This stereotypical setup is complicated by the twist ending, and the reason for the centennial. In 1865, near the end of the Civil War, a group of Northern soldiers killed and mutilated everyone in Pleasant Valley. It's now time for some revenge, Dixieland-style. The Northerners are separated from each other and forced to participate in twisted versions of normal centennial-type events like a barbecue, a horse race, a barrel roll, and a dunk tank. The blood flows copiously in these scenes, which are much more violent and gruesome than other films of similar early-1960s vintage.

Finally, it's up to our heroes, school teacher Tom (William Kerwin) and Terry (Playboy Playmate Connie Mason), the pretty lady who picked him up on the highway when his car broke down, to find out what's going on and plot their escape. Will they succeed? And what is going on? I'll let you find out for yourselves, although, if you're familiar with Brigadoon, I probably spoiled the twist ending.
The action is accompanied by a quality bluegrass score credited to the fictional band The Pleasant Valley Boys. In addition to the Lester Flatt covers, the score also includes some songs written and performed by Lewis himself, "Rebel Yell (The South's Gonna Rise Again)" of particular note.
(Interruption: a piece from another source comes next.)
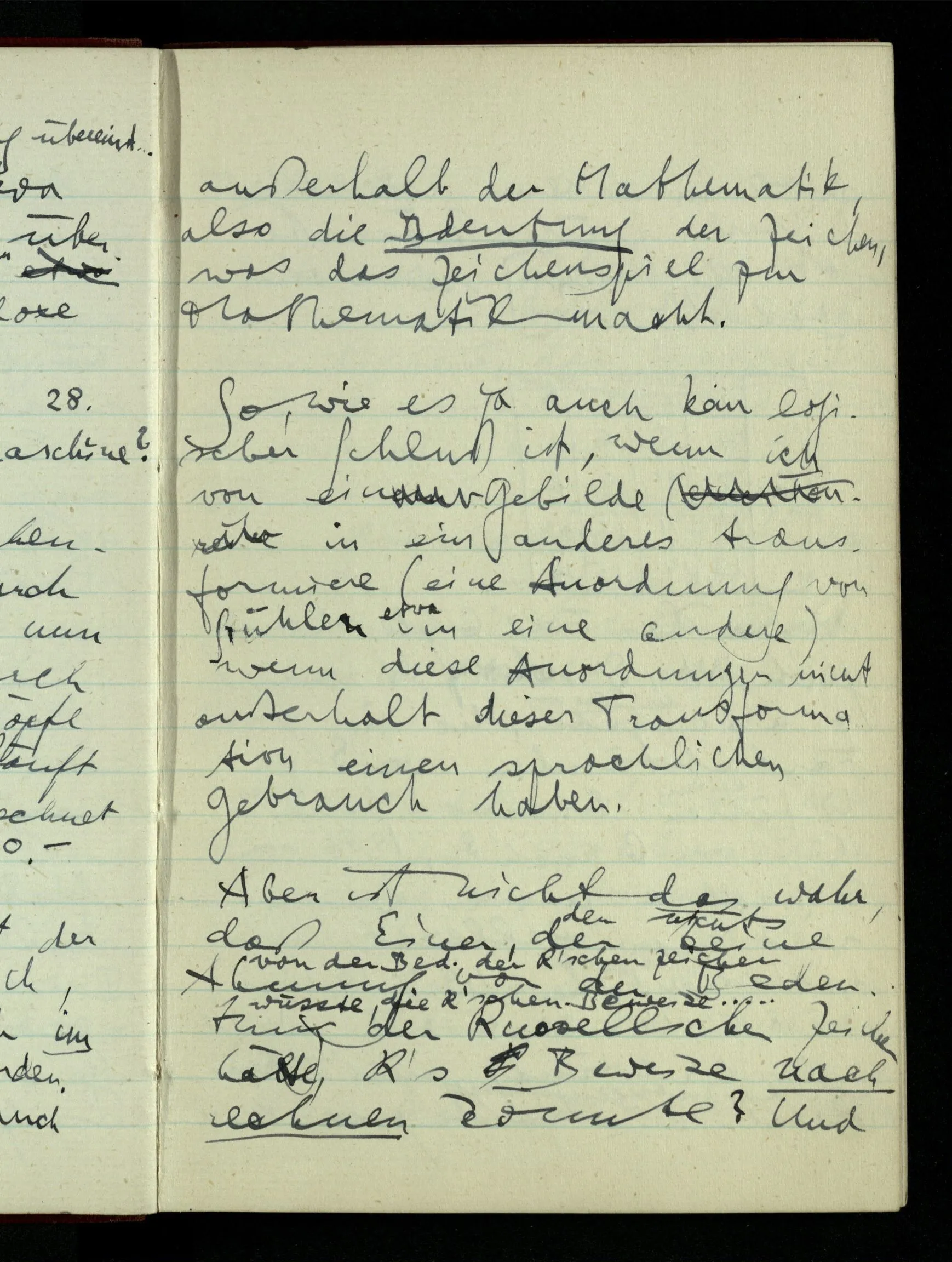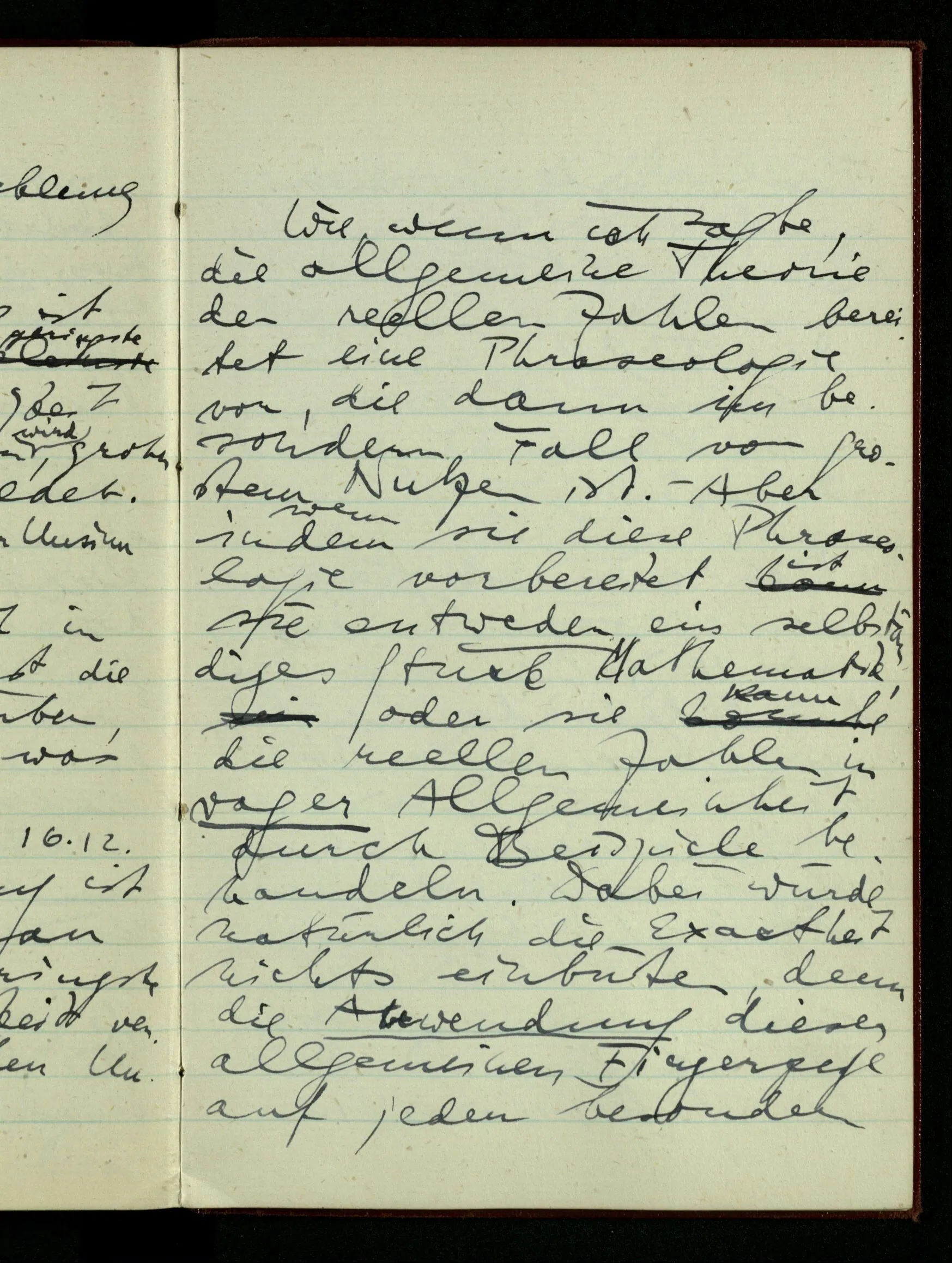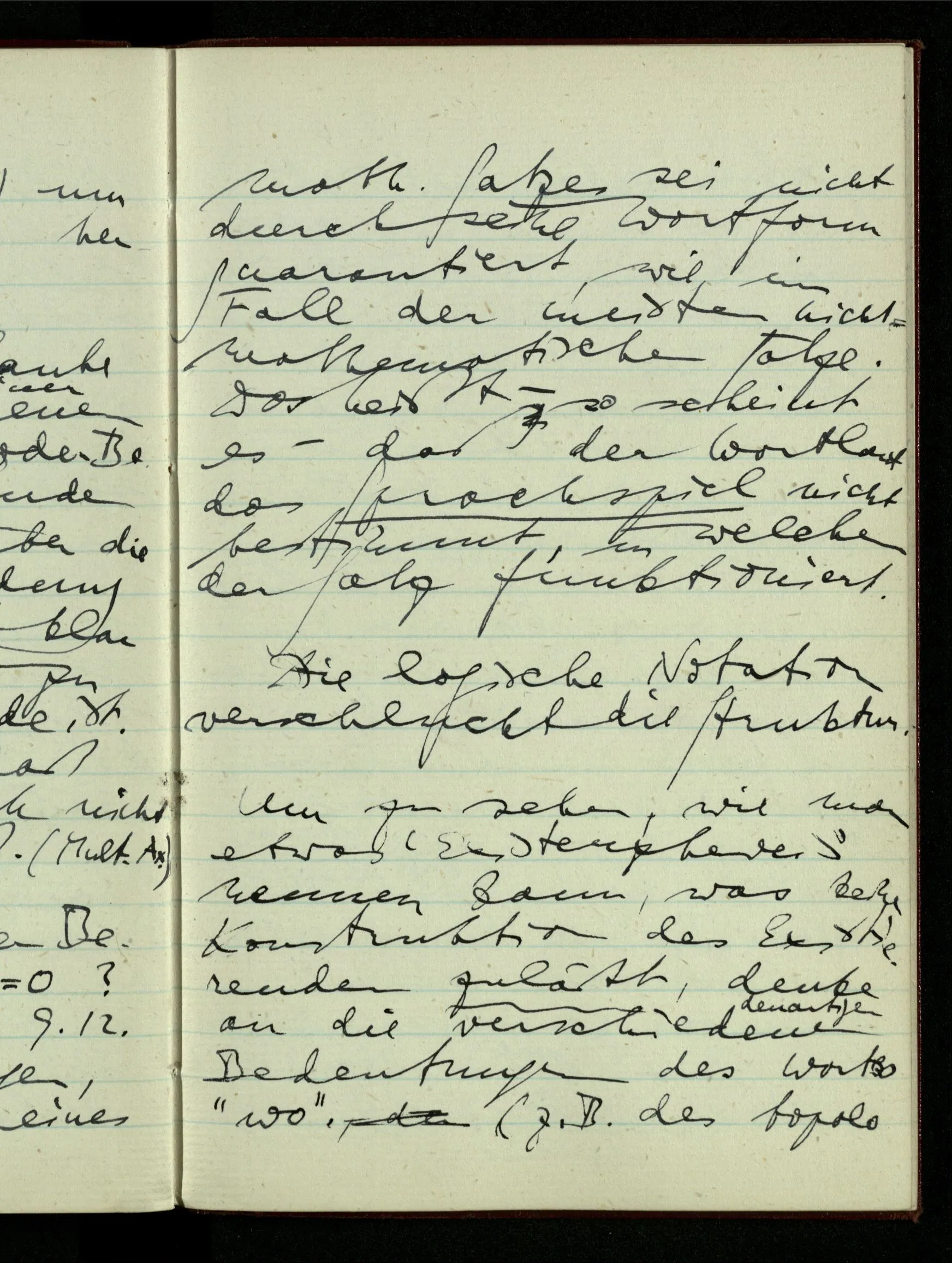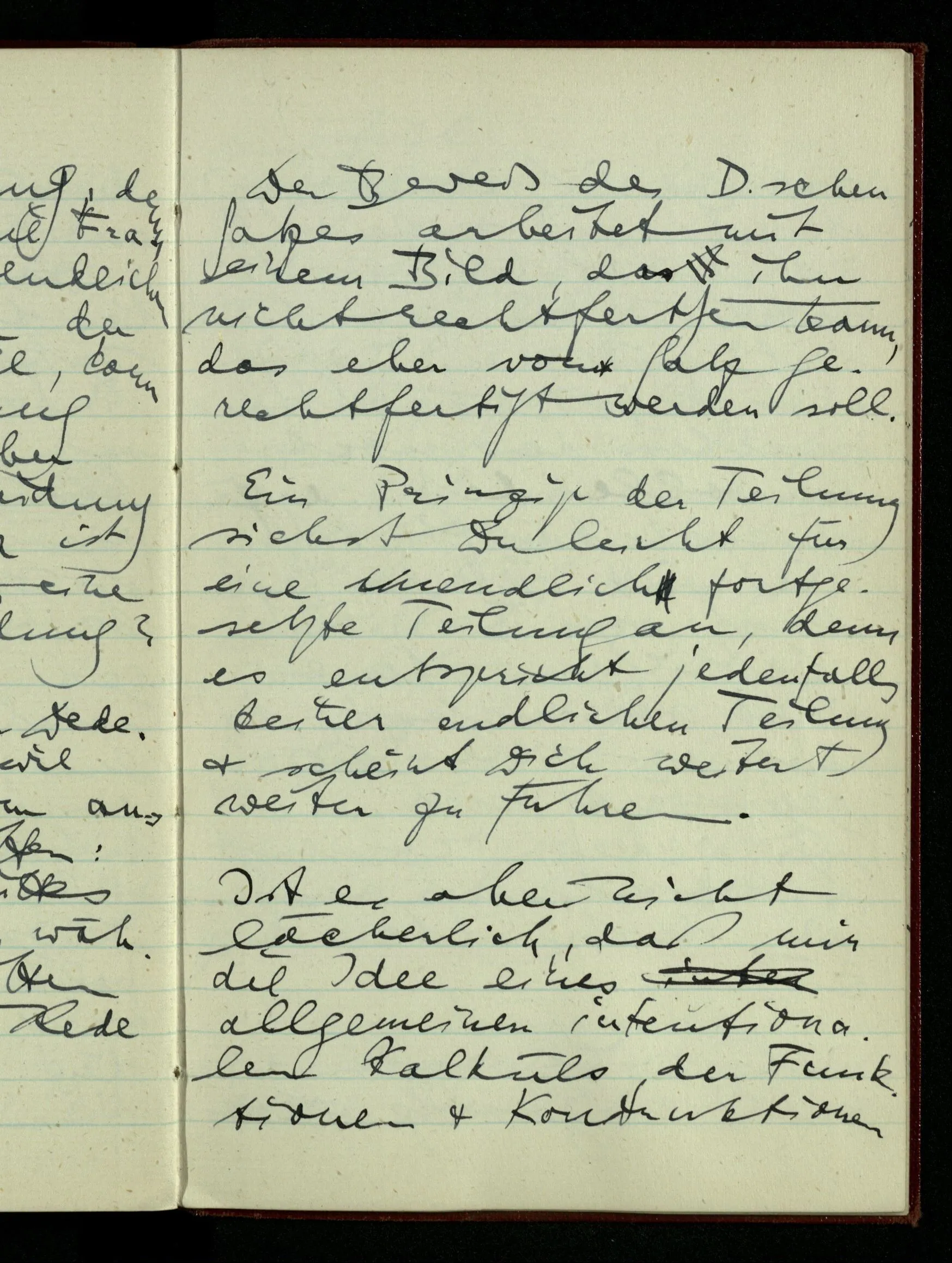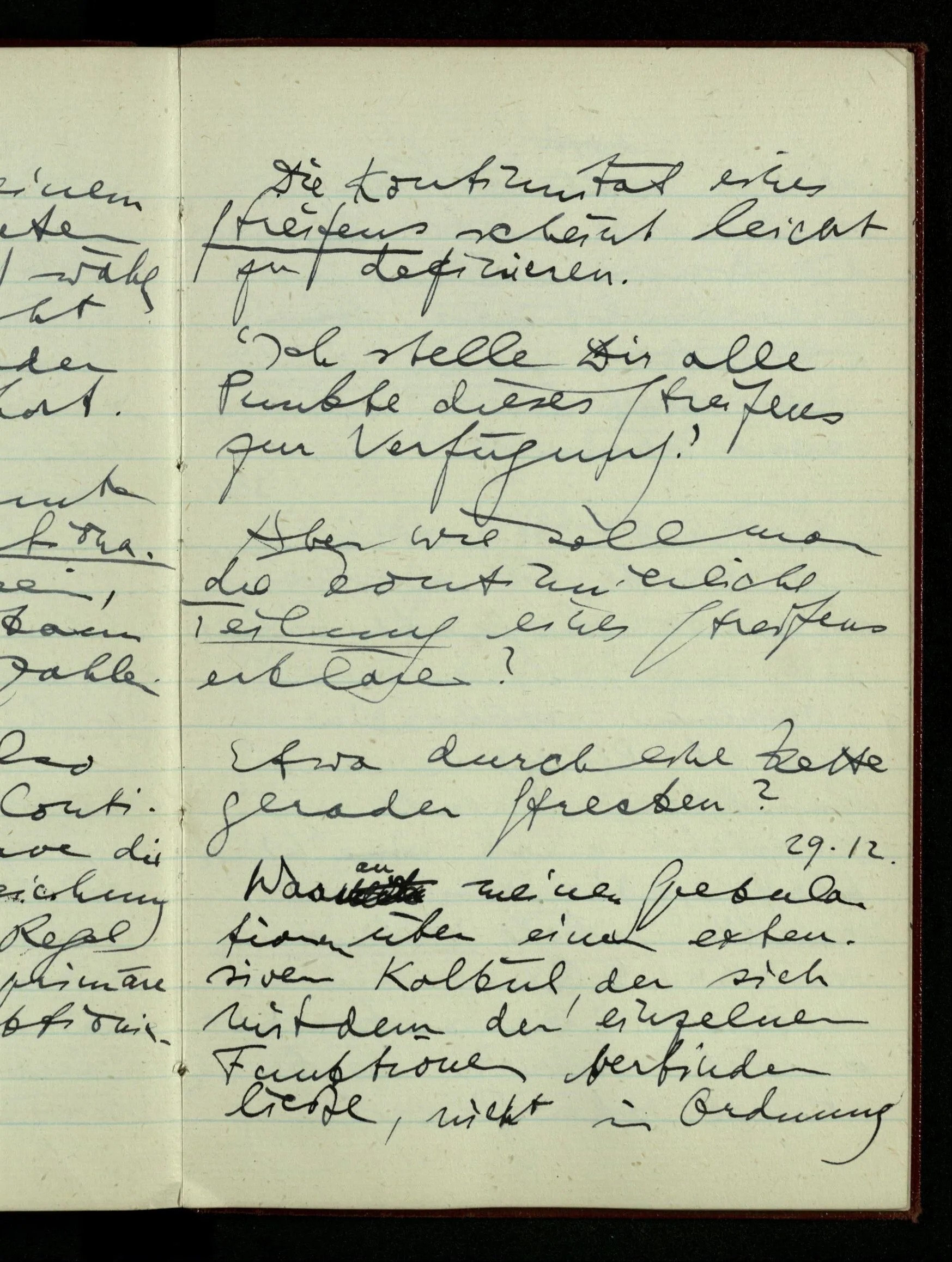 29.12.1942 Was an meinen Spekulationen über einen extensiven Kalkül, der sich mit dem der einzelnen Funktionen verbinden ließe, nicht in Ordnung ist: ich bin ganz unklar darüber, was die Anwendung so eines Kalküls unabhängig von den Funktionen sein könnte.

Lewis might have made a career for himself as a musician if he hadn't been too busy pushing the envelope of cinematic violence. Besides the score, the film's virtues are inseparable from its flaws. The awesome and terrible intermingle to such an extent that they become a single, lovably disgusting entity. This is a weird-ass movie, truly deserving of its cult-classic, midnight-movie status. It's Lewis' favorite of his own pictures, beating out such contenders as Color Me Blood Red, The Gruesome Twosome, The Wizard of Gore, and The Gore-Gore Girls.